===== DATA LISTING
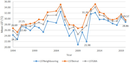 To confirm this correlation between the cooling effect of the vegetation growth and LST values, we compare the LST values of the Beirut district to its adjacent urban and rural borders in GBA as shown in Figure 5 as more evidence of the vegetation’s low LST values and urban areas’ high LST values. For this, we calculate the mean LST values for the Beirut district (in orange) and its rural surrounding areas (in blue) to assess their contributions to the LST values for GBA (in gray). These values over the three decades are presented in Figure 6. Results show that the highest LST values are recorded in the Beirut district’s urban area and increased by 2.88 °C from 26.69 °C in 1994 to 29.57 °C in 2020, while the lowest values are in adjacent rural areas, which increased by 4.59 °C from 24.27 °C in 1994 to 28.86 °C in 2020. LST values for the GBA are the combination of both previous values of the two regions with a total increase of 3.52 °C, from 25.73 °C to 29.25 °C. This demonstrates that the temperature in the vegetation area is lower than in the urban area. A noticeable point here is that LST values increased on average over the three decades more in the surroundings of Beirut than the district, which further highlights the urbanization witnessed in the rural surrounding areas of the Beirut district.
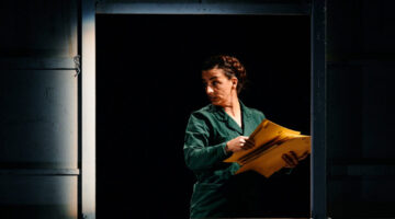 Lichtprojektionen durchbrechen die Dunkelheit auf der Bühne und verleihen der Szenerie um die Schauspieler:innen herum eine mystische Atmosphäre. Janine D‘Aragona steht auf einem großen Gerüst, während Peter Stephan Herff am Boden umhergeht – ein starkes Bild mit einem großen Gefälle, das gleich zu Anfang zeigt, worum es geht: Macht.
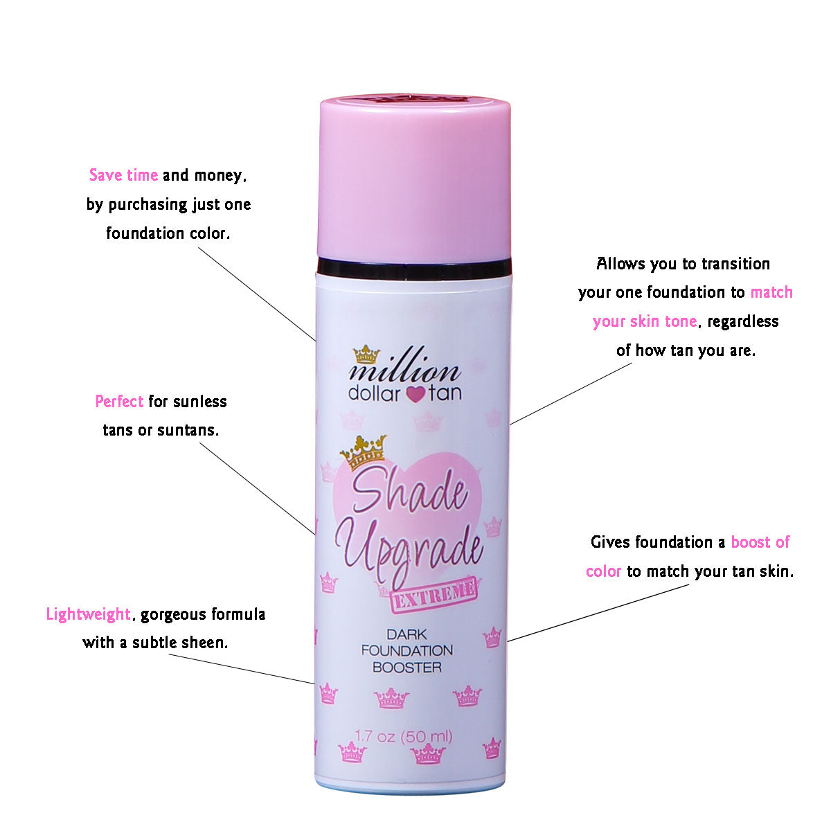- FOR THE BRONZED – Shade Upgrade by Million Dollar Tan is best for those with a medium-dark complexion seeking to add a rich, finishing touch. For other complexions see our other boosters
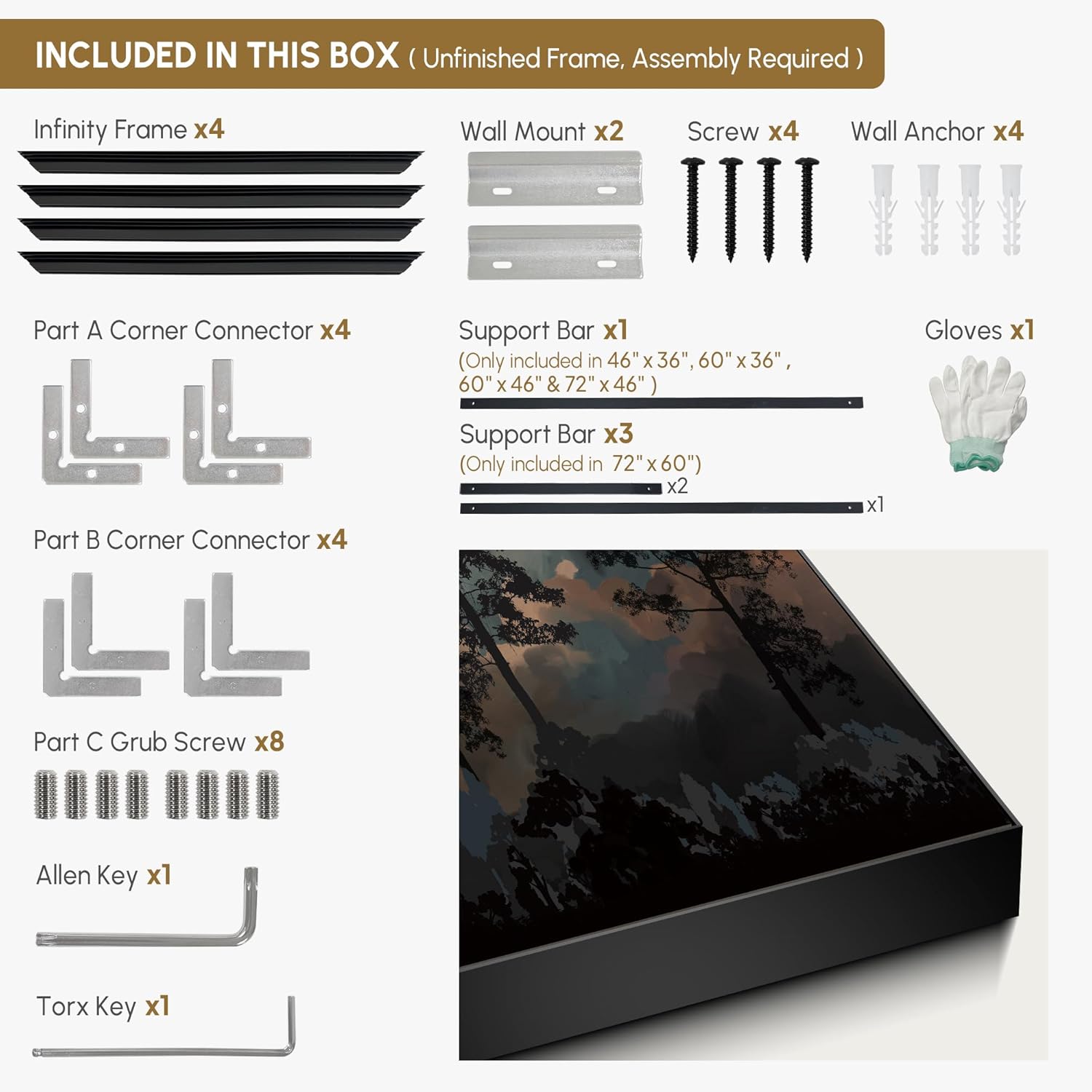 • Assembly Required: The artwork comes with the frame components unassembled. Don’t worry — setup is straightforward and tool-friendly. For best results and accurate alignment, we recommend two people to ensure a smooth assembly and a stable, secure wall mount.
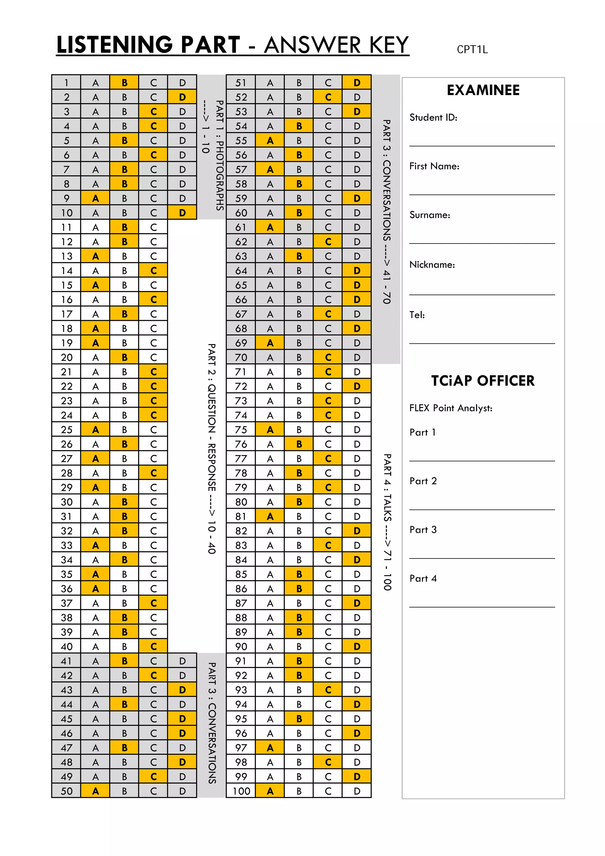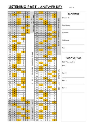 Das Dokument enthält Antwortschlüssel für verschiedene Prüfungsabschnitte, darunter Listening-Teile mit Multiple-Choice-Fragen. Es sind Platzhalter für persönliche Informationen der Prüflinge wie Name, Nachname und Teilnehmernummer vorhanden. Zudem sind die Fragen und Antwortmöglichkeiten nummeriert, und die Struktur des Dokuments weist auf eine wiederkehrende Formatierung hin.
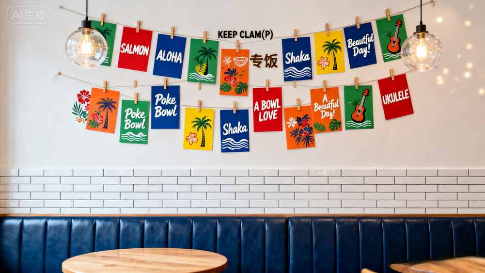 先看主角:白墻上掛著一排彩色卡片,用原木夾子固定,簡(jiǎn)單卻賊有巧思??ㄆ嫌≈癝ALMON”“ALOHA”這種俏皮英文,搭配棕櫚樹(shù)、小花朵圖案,瞬間帶出夏威夷般的輕松調(diào)調(diào)。往下瞄,白色瓷磚墻+深藍(lán)色皮質(zhì)卡座,再配個(gè)木質(zhì)圓桌,層次感立馬就出來(lái)了。***絕的是頭頂那兩盞透明球形吊燈,光線一打,溫馨指數(shù)飆升,拍照根本不用濾鏡!
==========
#### TO DO:
Beginning with the line that contains "secure wall mount.", reproduce every line through the end of the records above exactly, leaving pictures out.

#### SOLUTION TO THE EXERCISE:
 • Assembly Required: The artwork comes with the frame components unassembled. Don’t worry — setup is straightforward and tool-friendly. For best results and accurate alignment, we recommend two people to ensure a smooth assembly and a stable, secure wall mount.
 Das Dokument enthält Antwortschlüssel für verschiedene Prüfungsabschnitte, darunter Listening-Teile mit Multiple-Choice-Fragen. Es sind Platzhalter für persönliche Informationen der Prüflinge wie Name, Nachname und Teilnehmernummer vorhanden. Zudem sind die Fragen und Antwortmöglichkeiten nummeriert, und die Struktur des Dokuments weist auf eine wiederkehrende Formatierung hin.
 先看主角:白墻上掛著一排彩色卡片,用原木夾子固定,簡(jiǎn)單卻賊有巧思??ㄆ嫌≈癝ALMON”“ALOHA”這種俏皮英文,搭配棕櫚樹(shù)、小花朵圖案,瞬間帶出夏威夷般的輕松調(diào)調(diào)。往下瞄,白色瓷磚墻+深藍(lán)色皮質(zhì)卡座,再配個(gè)木質(zhì)圓桌,層次感立馬就出來(lái)了。***絕的是頭頂那兩盞透明球形吊燈,光線一打,溫馨指數(shù)飆升,拍照根本不用濾鏡!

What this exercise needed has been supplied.